Sketchnote diagram for: Codex CLI for OpenTelemetry Instrumentation: Agent-Driven Span Generation, Metrics Scaffolding, and Observability Pipelines

Codex CLI for OpenTelemetry Instrumentation: Agent-Driven Span Generation, Metrics Scaffolding, and Observability Pipelines

Existing Codex CLI observability coverage focuses on monitoring the agent itself — exporting traces from Codex sessions to backends like Grafana or SigNoz. This article addresses the inverse: using Codex CLI to systematically add OpenTelemetry instrumentation to your application code.

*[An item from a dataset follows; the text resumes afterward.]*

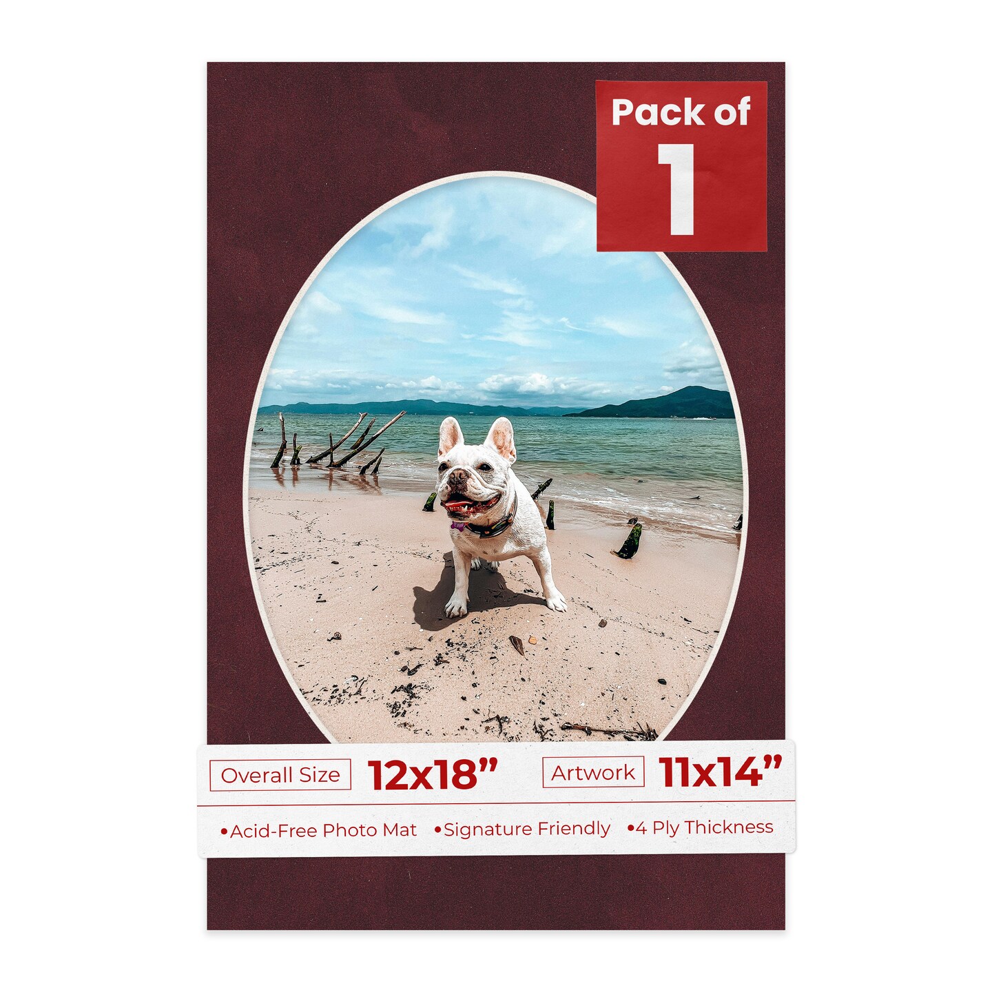 Dark Red Suede Mat Board for 12x18 Frames - Oval Opening for 11x14 Photos

The workflow covers gap auditing, span generation, metrics scaffolding, and CI enforcement — turning weeks of manual instrumentation grind into repeatable agent-driven pipelines.

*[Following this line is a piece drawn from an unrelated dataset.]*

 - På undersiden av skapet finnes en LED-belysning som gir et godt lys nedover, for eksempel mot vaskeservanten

The Instrumentation Debt Problem

Most production services ship with auto-instrumentation covering HTTP handlers and database calls, but lack custom spans around business logic, domain events, and internal state machines¹. The OpenTelemetry project recommends starting with automatic instrumentation then progressively adding manual spans for areas needing deeper visibility². In practice, teams accumulate instrumentation debt because manual span creation is tedious and easily deprioritised.

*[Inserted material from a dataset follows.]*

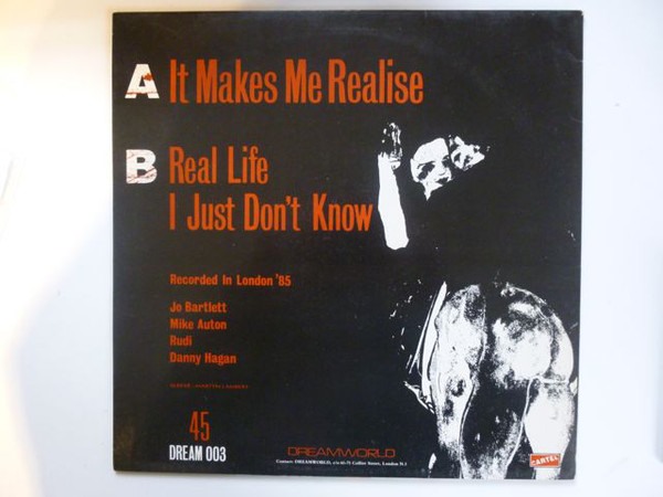 At some point they re-branded as Go! Service and in September ’84 joined Fenton Weills to support Television Personalities as they toured Germany, Lichtenstein, Switzerland, and the Netherlands. This Camberley band were by then signed to the Dreamworld Records label and quickly released the 12″ single “It Makes Me Realise” [DREAM 003] in ’85. This was backed by “Real Life” and “I Just Don’t Know”. That same year they once again supported label mates The Television Personalities around Europe. In November ’85 the band supported The Housemartins.

Codex CLI’s non-interactive mode (codex exec) with --output-schema makes this tractable at scale³. The agent can audit gaps, generate idiomatic instrumentation, and validate the result — all without human intervention per file.

Architecture Overview

flowchart TD
    A[AGENTS.md OTel Standards] --> B[Gap Audit via codex exec]
    B --> C{Coverage Report JSON}
    C --> D[Span Generation Skill]
    C --> E[Metrics Scaffolding Skill]
    D --> F[Validation: go vet / tsc / pylint]
    E --> F
    F --> G[CI Gate: Minimum Coverage]
    G --> H[Export to Collector]

Phase 1: Encoding Standards in AGENTS.md

Before the agent generates a single span, establish conventions in your repository’s AGENTS.md:

## OpenTelemetry Standards

### Tracing
- Every exported function handling a business operation MUST create a span
- Span names follow `<package>.<Function>` convention (e.g. `orders.ProcessPayment`)
- Always defer span.End() immediately after creation
- Record errors with both span.RecordError(err) AND span.SetStatus(codes.Error, msg)
- Add semantic attributes: `service.operation`, `business.entity_id`, `business.outcome`

### Metrics
- Use histograms for latency, counters for throughput, gauges for queue depth
- Metric names follow `<service>.<subsystem>.<metric>` (e.g. `checkout.payments.duration_ms`)
- All metrics MUST include `environment` and `service.version` attributes

### Anti-patterns
- Do NOT create spans inside tight loops (>100 iterations)
- Do NOT add PII as span attributes
- Do NOT use string concatenation for span names — use constants

This ensures every agent-generated instrumentation line follows team conventions without per-prompt repetition⁴.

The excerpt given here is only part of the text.